__To do__: Set down, character for character, everything in the records below from the line holding "Карта миграций индоевропейцев" down to the line holding "栗头丽椋鸟体长18~19厘米", and no other line.

__Given information__:
%%
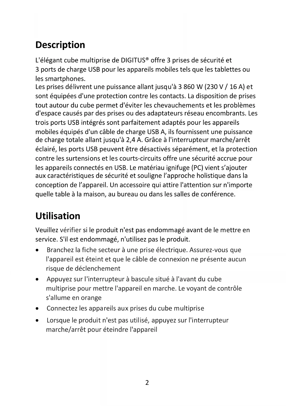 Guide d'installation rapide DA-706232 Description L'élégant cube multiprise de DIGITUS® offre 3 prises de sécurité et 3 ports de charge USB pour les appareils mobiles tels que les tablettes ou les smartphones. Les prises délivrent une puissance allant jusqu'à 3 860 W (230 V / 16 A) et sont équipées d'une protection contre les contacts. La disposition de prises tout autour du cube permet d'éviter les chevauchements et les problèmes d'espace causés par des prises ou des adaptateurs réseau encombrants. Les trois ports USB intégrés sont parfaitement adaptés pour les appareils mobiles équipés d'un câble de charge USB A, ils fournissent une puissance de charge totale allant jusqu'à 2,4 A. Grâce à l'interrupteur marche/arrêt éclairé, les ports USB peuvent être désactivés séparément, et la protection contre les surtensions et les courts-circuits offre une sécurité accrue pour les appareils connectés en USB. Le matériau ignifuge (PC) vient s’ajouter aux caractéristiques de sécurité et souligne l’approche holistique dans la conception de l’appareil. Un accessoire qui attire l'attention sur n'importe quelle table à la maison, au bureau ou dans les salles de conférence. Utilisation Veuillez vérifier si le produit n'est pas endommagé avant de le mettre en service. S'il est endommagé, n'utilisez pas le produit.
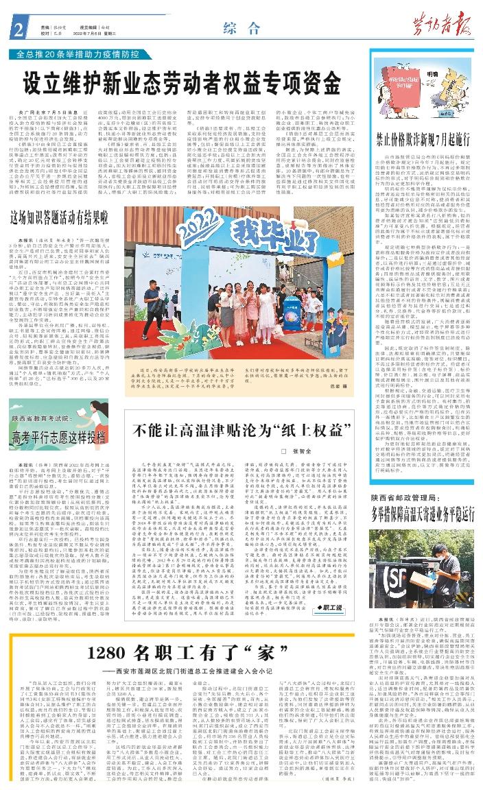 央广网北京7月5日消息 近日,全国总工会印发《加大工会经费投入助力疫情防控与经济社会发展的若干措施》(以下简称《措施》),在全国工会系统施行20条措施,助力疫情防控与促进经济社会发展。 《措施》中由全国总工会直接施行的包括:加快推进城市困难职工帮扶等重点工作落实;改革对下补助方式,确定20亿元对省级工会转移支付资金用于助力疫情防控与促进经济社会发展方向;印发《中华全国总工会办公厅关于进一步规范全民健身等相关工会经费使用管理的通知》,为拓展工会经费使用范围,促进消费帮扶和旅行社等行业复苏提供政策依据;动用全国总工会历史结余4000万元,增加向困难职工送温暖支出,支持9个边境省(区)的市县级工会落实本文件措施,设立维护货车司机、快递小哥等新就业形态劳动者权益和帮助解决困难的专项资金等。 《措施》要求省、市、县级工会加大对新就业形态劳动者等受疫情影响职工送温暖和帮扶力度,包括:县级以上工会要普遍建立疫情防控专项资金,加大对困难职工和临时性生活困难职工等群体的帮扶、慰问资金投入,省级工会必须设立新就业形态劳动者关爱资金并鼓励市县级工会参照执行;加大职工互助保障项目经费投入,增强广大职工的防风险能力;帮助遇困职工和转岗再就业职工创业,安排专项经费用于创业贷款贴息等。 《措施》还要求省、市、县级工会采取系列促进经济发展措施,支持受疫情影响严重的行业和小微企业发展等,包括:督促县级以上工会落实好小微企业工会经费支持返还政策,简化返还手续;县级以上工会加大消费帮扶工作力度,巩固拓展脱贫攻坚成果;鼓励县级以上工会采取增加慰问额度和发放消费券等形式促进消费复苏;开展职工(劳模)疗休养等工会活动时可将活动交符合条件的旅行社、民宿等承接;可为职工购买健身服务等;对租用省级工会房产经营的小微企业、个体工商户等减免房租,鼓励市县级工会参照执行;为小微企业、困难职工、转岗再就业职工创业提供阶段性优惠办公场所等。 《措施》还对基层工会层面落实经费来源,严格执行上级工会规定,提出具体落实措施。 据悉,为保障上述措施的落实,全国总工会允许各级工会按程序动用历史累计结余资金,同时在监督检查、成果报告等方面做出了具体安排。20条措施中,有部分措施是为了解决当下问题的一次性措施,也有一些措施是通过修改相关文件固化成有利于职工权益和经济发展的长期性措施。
%%
%%
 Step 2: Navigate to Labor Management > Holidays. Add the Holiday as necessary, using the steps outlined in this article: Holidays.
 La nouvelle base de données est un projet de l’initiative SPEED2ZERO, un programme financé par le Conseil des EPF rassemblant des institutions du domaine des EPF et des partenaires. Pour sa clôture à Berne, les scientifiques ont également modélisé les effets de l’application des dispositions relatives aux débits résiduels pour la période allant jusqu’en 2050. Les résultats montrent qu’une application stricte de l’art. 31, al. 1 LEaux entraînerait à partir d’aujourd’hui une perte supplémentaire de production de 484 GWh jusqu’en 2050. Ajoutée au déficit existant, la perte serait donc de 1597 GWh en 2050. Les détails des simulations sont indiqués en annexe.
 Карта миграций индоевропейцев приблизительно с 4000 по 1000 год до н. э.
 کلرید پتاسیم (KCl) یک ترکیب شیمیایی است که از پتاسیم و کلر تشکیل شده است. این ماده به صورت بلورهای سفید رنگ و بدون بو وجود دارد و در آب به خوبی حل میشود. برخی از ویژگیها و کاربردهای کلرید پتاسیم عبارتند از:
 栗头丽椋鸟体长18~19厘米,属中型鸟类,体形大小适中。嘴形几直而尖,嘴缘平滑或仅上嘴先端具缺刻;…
%%
__Output below__:
 Карта миграций индоевропейцев приблизительно с 4000 по 1000 год до н. э.
 کلرید پتاسیم (KCl) یک ترکیب شیمیایی است که از پتاسیم و کلر تشکیل شده است. این ماده به صورت بلورهای سفید رنگ و بدون بو وجود دارد و در آب به خوبی حل میشود. برخی از ویژگیها و کاربردهای کلرید پتاسیم عبارتند از:
 栗头丽椋鸟体长18~19厘米,属中型鸟类,体形大小适中。嘴形几直而尖,嘴缘平滑或仅上嘴先端具缺刻;…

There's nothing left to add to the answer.